Thanks Deaky. But does that mean I could use 1mm or even 0.5mm with this load? That’s obviously cheaper and 0.5mm can handle 11amps according to 12voltplanet (see below) still with a 5amp fuse for protection.

View attachment 247069
I wouldn't go any thinner personally because you'll get significant voltage drop on the cables with all the joint's off to the lights and the switch
 
Thanks for the replies in this thread. If I had to document my current (no electrical pun intended) understanding, I'd go with...
  1. Determine the maximum amp draw of the load(s) on the circuit when everything is on.
  2. Multiply the maximum draw by 1.25 to find the most appropriate fuse to place at the "head" of the circuit.
  3. Use a voltage drop calculator to find the most appropriate wire depending on the typical length factoring in voltage drop and the magic 3-4% rule. Double-check that the wire amp rating is more (ideally twice or more) than the fuse rating.
  4. Using chassis earth points will reduce the resistance as it's calculated over the length of the positive and negative wire. Chassis earth points in the rear of the van will significantly reduce total circuit length and therefore resistance.
 
Thanks for the replies in this thread.

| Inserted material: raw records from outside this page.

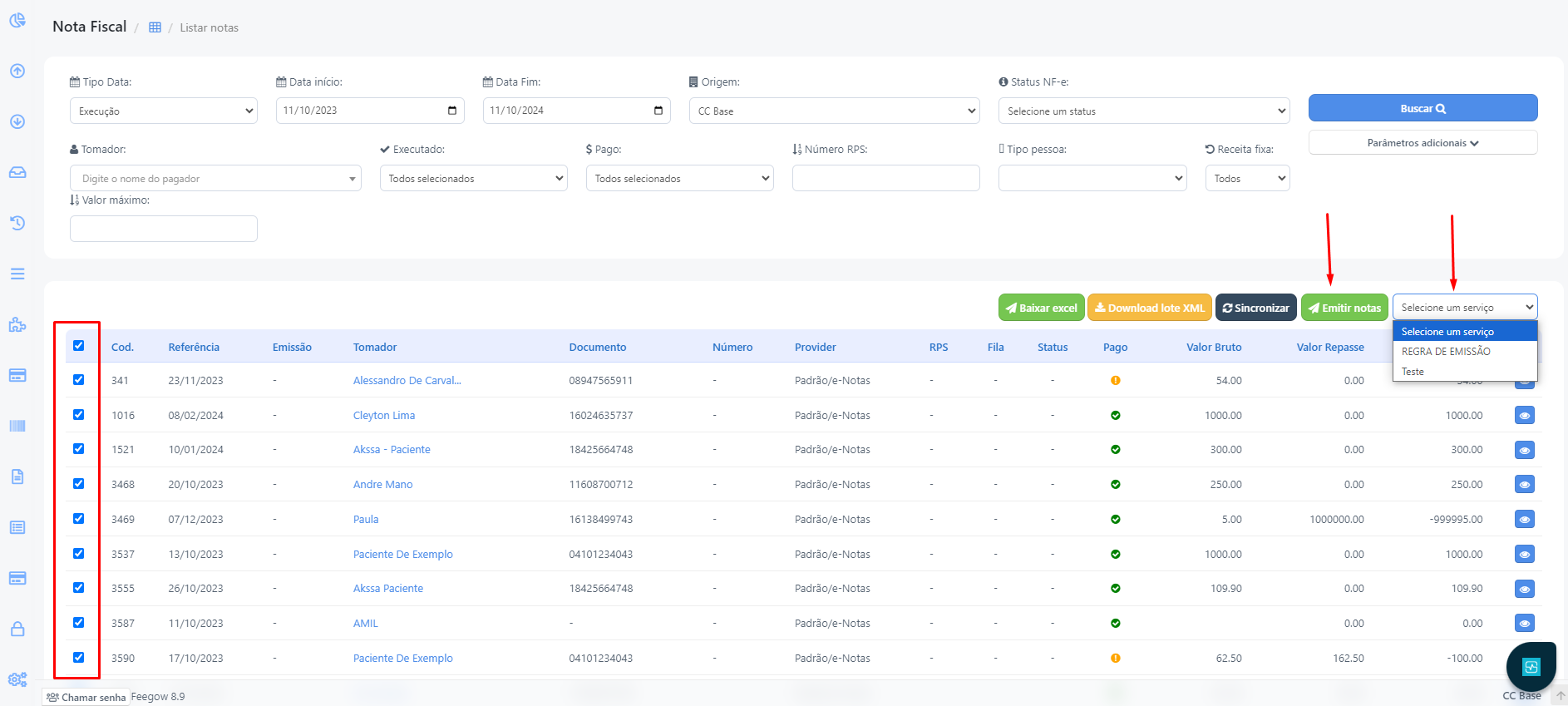 Após aplicar o filtro e buscar, selecione na listagem todas as notas que deseja gerar em lote, depois selecione a Regra de serviço e clique em Emitir notas:
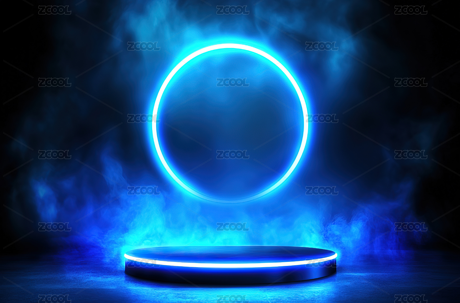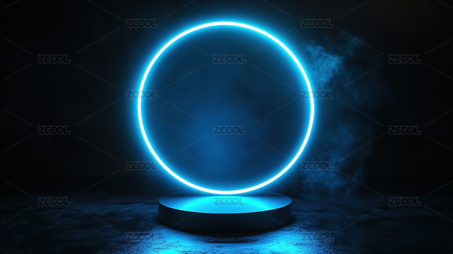蓝色发光圆环与烟雾场景
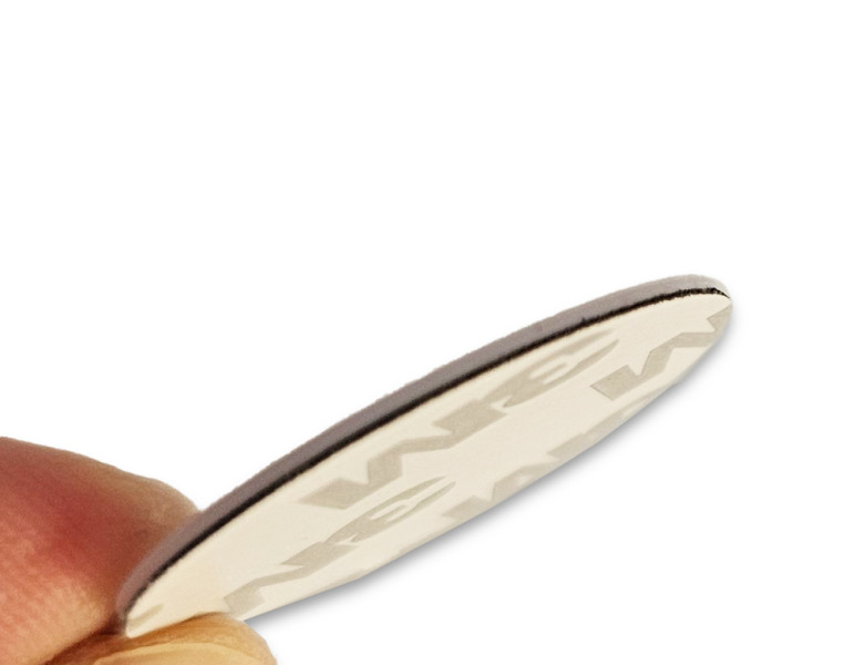 Robust 30 mm NFC stickers with a NTAG213 Chip and On-metal Protection contain a commonly used NFC NTAG213 chip, have a diameter of 30 mm, and are made of multiple layers of solid plastic material, including an on-metal protection material and a layer with the strong 3M adhesive which will make sure the NFC stickers are securely attached for a long time to come.
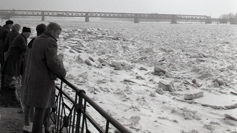 Dunaj zamrzol aj vo februári 1963. "Pracovníci vodohospodárskej organizácie Dunaj-Váh v Bratislave venujú v týchto dňoch zvýšenú pozornosť situácii na vodných dielach a hlavne na Dunaji. Na Dunaji sledujú množstvo ľadovej prikrývky, jej hromadenie a pod. Situáciu na čs. úseku Dunaja zisťujú stále nočné i denné hliadky a na najnebezpečnejších úsekoch od Bratislavy po Štúrovo rádiové hliadky, ktoré v prípade nebezpečia zátop upozornia štáb protipovodňovej komisie KNV," uvádza dobová popiska k fotografiám TASR.
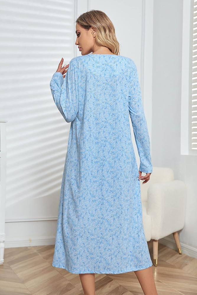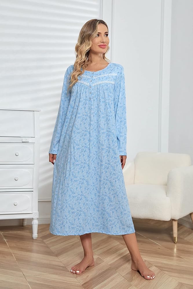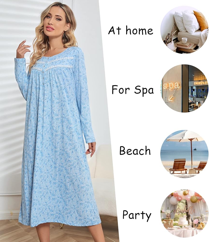 ✔Feature about Long Sleeve Cotton Nightgowns: Long sleeve & long length design will keep your warm in air-conditioner room and fall & early winter, cute scoop neck with tiny lace trim, shining shell buttons are easy on and off, great mid-calf length and loose fitting.
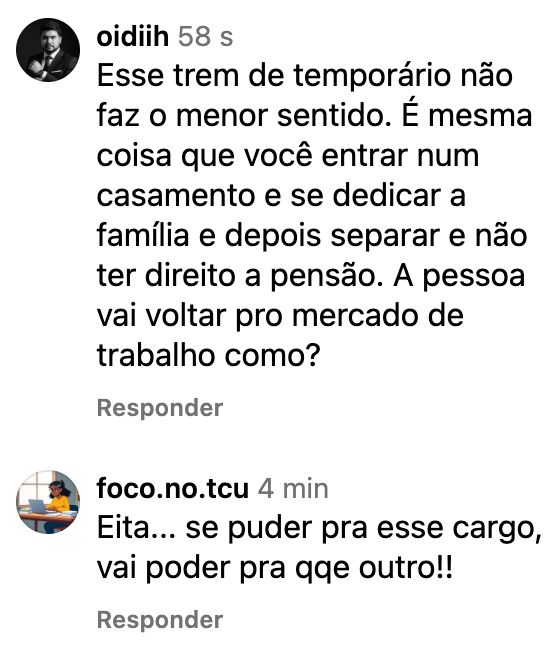 Há quem preveja problemas éticos: “O que vai ter de corrupção…”, insinuando que a modalidade temporária, sem concurso público amplo, facilita indicações políticas. “Tomara que esse moda não pegue”, comentou outra pessoa.
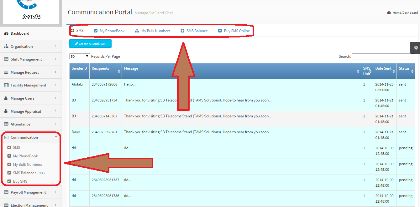 Get in touch with colleagues, family and friends with the Communication Portal Module This module includes: 1. SMS 2. My Phonebook 4. SMS Balance 5. Buy SMS |
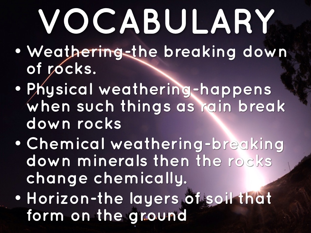 Chemical weathering-breaking down minerals then the rocks change chemically.

If I had to document my current (no electrical pun intended) understanding, I'd go with...
  1. Determine the maximum amp draw of the load(s) on the circuit when everything is on.
  2. Multiply the maximum draw by 1.25 to find the most appropriate fuse to place at the "head" of the circuit.
  3. Use a voltage drop calculator to find the most appropriate wire depending on the typical length factoring in voltage drop and the magic 3-4% rule. Double-check that the wire amp rating is more (ideally twice or more) than the fuse rating.
  4. Using chassis earth points will reduce the resistance as it's calculated over the length of the positive and negative wire. Chassis earth points in the rear of the van will significantly reduce total circuit length and therefore resistance.
Sounds good.
 
So I think I've bought all I need for this now, then realised again that I don't understand electrics properly.

I'll have two lights (total of six) on each dimmable switch/button. In trying to avoid voltage drop and wire issues, I was going to ground to the chassis local to the LED lights rather than run a negative back to the battery as shown in the picture. All the switches and lights would be fed from a common positive running from under the passenger seat along the b/c/d pillar line on the passenger side.

But can I do this if I am using the dimmer switch? Will it work as in picture B or do I need to wire it up like picture A (by running more cable)? If anyone can answer my question that would be awesome.


CleanShot 2024-06-25 at 16.52.23@2x.png
 
You just need a complete circuit, either will work in a vehicle that uses the chassis as negative like the T6.

You still need to find a usable ground point though, don't just go using any bolt or drilling. You may end up wiring like A anyway just with the negative going to the ground point rather than the battery.
 
Thanks @roadtripper I have some ground points visible behind each rear-quarter panel dedicated for this purpose. They have the same ground point nut as under the seats and have a number of black wires terminating there already. Some of the previous LED lights terminated there but didn't have the dimmer function which is what concerned me.
 
The dimmer function will just be via PWM (Pulse Width Modulation) - essentially they just flash on and off extremely fast (so you can't see it like TV/cinema) and the longer they are "on" for the brighter they appear.

The problems you can have is if you try and run them off another lighting circuit that the van is already doing PWM on for dimming as then the dimmer controllers are turned on and off very fast, but you are giving them clean DC from the battery.
 
That makes sense. Thanks again!

I realise my B diagram suggested very local earth points and maybe you assumed I was just screwing into the chassis near each light. Definitely not. The three sets of lights will actually all terminate at the same ground point behind the passenger rear quarter panel, close to the tailgate. It saves adding another 2.5-3 metres to each circuit.